Protobufkdb uses a factory to create a message class object of the correct type from the message type string passed from kdb. The lookup requires that the message type string passed from kdb is the same as the message name in its .proto definition.

In order to populate the factory, the .proto files for all messages to be serialised/parsed must be incorporated into the build as follows:

  1. Place the new <schema>.proto file into the src/ subdirectory

  2. Edit src/CMakeLists.txt file, adding the new .proto file to the line below the following comment:

    # ### GENERATE PROTO FILES ###

    For example, to add examples.proto (which is already present in the src/ subdirectory), in addition to the existing tests.proto, change:

    set(MY_PROTO_FILES tests.proto)

    to:

    set(MY_PROTO_FILES tests.proto examples.proto)

Note: MY_PROTO_FILES is a CMake-space separated list; do not wrap the list of .proto files in a string.

Building protobufkdb

A CMake script is provided to build protobufkdb.

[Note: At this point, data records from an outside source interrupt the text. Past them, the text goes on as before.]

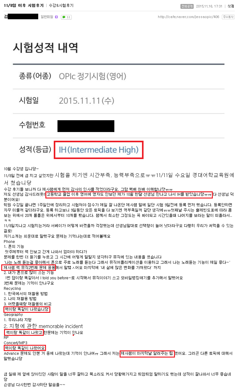 오픽 | (대구오픽 IH후기) 책이랑 똑.같.이 나왔어요~!!★ 오픽 한달 "IH" 획득!! 페이지 정보 작성자 MELPARK 작성일15-11-17 11:05 조회5,002회 댓글0건 이전글 다음글 목록 본문 (클릭 하시면 크게 보실 수 있습니다.) 수강생 후기 입니다. 더 많은 후기는 우측 카페 링크 가입 후 보실 수 있습니다. 이전글 다음글 목록
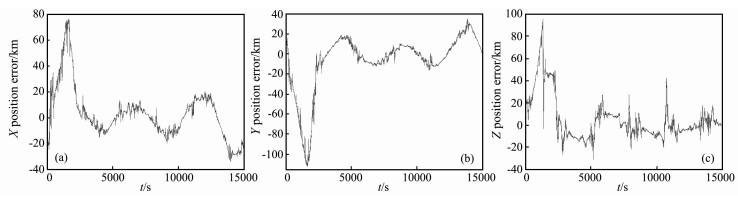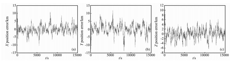 假设卫星对地姿态稳定,状态方程采用式(10),观测方程采用式(22),滤波周期T=1s,仿真时间为15000s,仿真的结果如图 5、6.
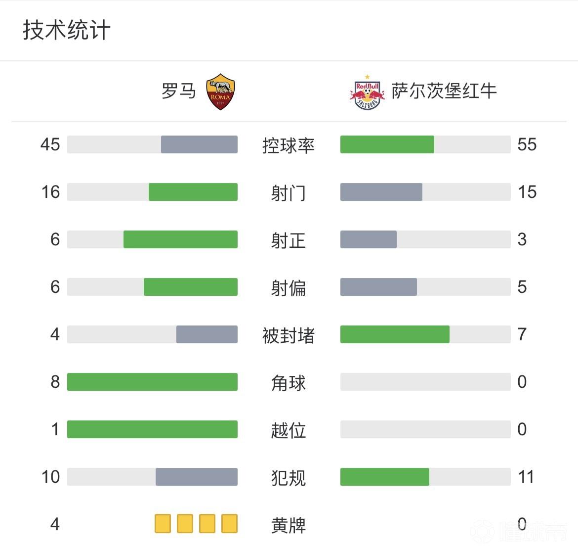 最终罗马主场2-0战胜萨尔茨堡,总比分罗马2-1淘汰萨尔茨堡晋级欧联杯16强。
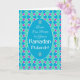 A chic Ramadhan greeting card, 'From Our Home to Yours", with a traditional Islamic pattern in Blue, Green and Purple, outlined in White; from the Posh & Painterly 'Islamic' collection.
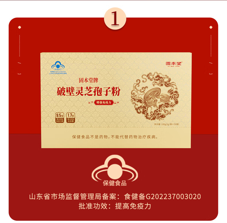 固本堂 固本堂破壁灵芝孢子粉礼盒100g 6973700380755 100g(2g/袋*50袋)

This uses the CMake functionality to locate the protobuf installation on your system. By setting the CMake environment variable CMAKE_PREFIX_PATH to the Protocol Buffers installation directory created above when building protobuf from source, CMake will use this installation in preference to any existing system installs. This avoids issues with existing incompatible or mismatched protobuf installs.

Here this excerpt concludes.